NYC burns Connecticut over brazen attempt to seize ‘Best Pizza’ crown: ‘Cheesy stunt’

  • Oops!
    Something went wrong.
    Please try again later.

Any way you slice it, this was gonna be a fight.

Connecticut lawmakers are planning to officially declare their state the “Pizza Capital of the U.S.” — prompting New York City pols and locals alike to tell them where they can stuff it.

“What the hell?” said an incredulous Mohamed Ali, a dough-slinger at Joe’s Pizza on Carmine Street in Manhattan’s Greenwich Village.

Connecticut pie joints like Modern Pizza in New Haven may be good — but they’re not even close to New York City’s, critics say. Boston Globe via Getty Images
Connecticut pie joints like Modern Pizza in New Haven may be good — but they’re not even close to New York City’s, critics say. Boston Globe via Getty Images

“Even Italians when they come here, they say the pizza of New York is better than the one in Italy right now,” Ali told The Post on Tuesday. “Connecticut — how many people live there? It’s New York, Manhattan!”

The saucy response came the day before Rep. Rosa DeLauro (D-Conn.) is set to bring a delegation of 100 Connecticut pizzamakers on a chartered jet to the US Capital, symbolically proclaim her state’s supposed slice superiority in the “cheesy stunt” and enter the title into the congressional record.

“New Haven has the best pizza in the country — and it is not even close,” DeLauro told Connecticut Public Radio on Tuesday “Ask anyone from Connecticut, and they will tell you Connecticut pizza, or ‘apizza’ as we call it, is hands down — no contest — the best pizza in America.”

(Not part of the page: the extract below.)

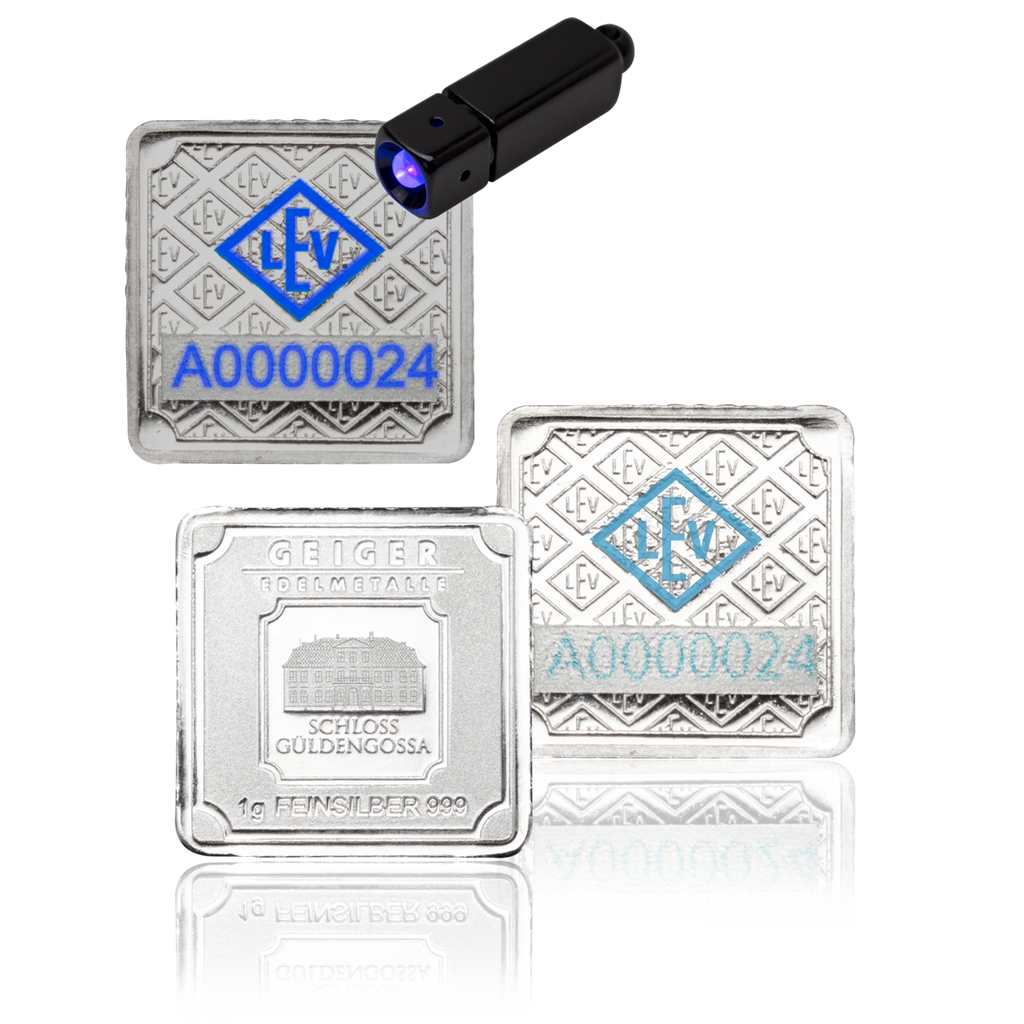 Hohes Relief mit einer pearl-finish-Oberfläche, paaren sich mit einem besonders geriffelten Rand, wie man ihn von Münzprägungen kennt. Eine wirkliche Neuerung ist die individuell, auf den Barren aufgebrachte Seriennummer, welchen jeden Barren rückverfolgbar machen und die einzigartige UV Beschichtung, welche unter Schwarzlicht das LEV Logo der Herstellerfirma und die Seriennummer aufleuchten lassen. Diese exklusiven Sicherheitsmerkmale haben wir gepaart mit einer innovativen Verpackung.

New Yorkers had just one response for DeLauro: Fuggedaboutit!

“New York City doesn’t have to declare itself the ‘Pizza Capital of the United States’ because people across the country already know it to be true,” a City Hall rep sniffed.

“More than a century of satisfied customers, the residents of the five boroughs and nearly 62 million visitors to New York City each year have already settled what was never really a debate.”

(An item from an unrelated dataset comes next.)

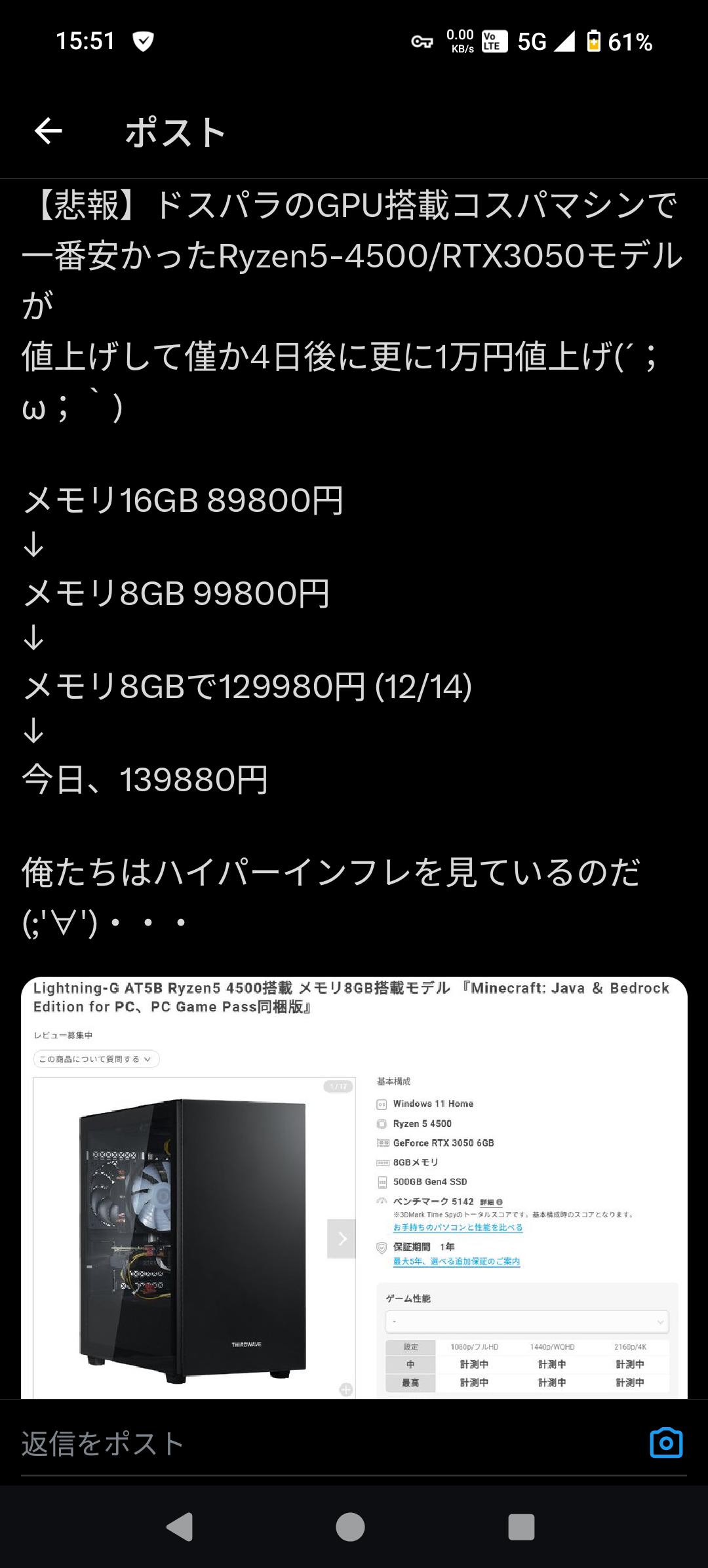 春にグラボ暴騰してBTOの搭載PCも値上がりしてたけど寝てたのか

A hearty New York City pie awaits discerning customers. Matthew McDermott
A hearty New York City pie awaits discerning customers. Matthew McDermott

Kevin Jackson, general manager at famed pizzeria John’s on the Village’s Bleeker Street, conceded that Connecticut can cook a mean pie — but that anybody who has had a New York City slice knows the truth.

“They’re very good — but they’re not New York,” he said. “Once you come to New York, you won’t go back to New Haven.”

Even foreigners such 43-year Jamie Griffihs visiting from Manchester, England, knows the congresswoman’s claims are bogus.

Connecticut Congresswoman Rosa DeLauro plans to make her pie-in-the-sky claim in DC on Wednesday. Getty Images for Care Can't Wait Action
Connecticut Congresswoman Rosa DeLauro plans to make her pie-in-the-sky claim in DC on Wednesday. Getty Images for Care Can't Wait Action

“She’s clearly never been to Brooklyn. Brooklyn has the best pizza,” he said.

“We’ve been to many pizzerias in Brooklyn, and there, you’re talking authentic, multigenerational and family-owned,” the astute Brit said. “There’s history with it. It’s more than just a restaurant.”

A 68-year-old West Village resident who gave his first name, Salvatore, and who also lives in Puglia, Italy, said he feels DeLauro has no right to make such a declaration without due process of the law.

“She has to justify it. The Italians have to take a vote on it,” he said.

Even New York City Mayor Eric Adams took a moment to weigh in on the debate Tuesday.

“That’s a real cheesy opportunity to take away the real claim,” Hizzoner said during his weekly general press briefing. “Everyone knows who’s the king of pizza.

“It’s alright for them to be No. 2 … but No. 1 is ruled by this, this great, amazing city.”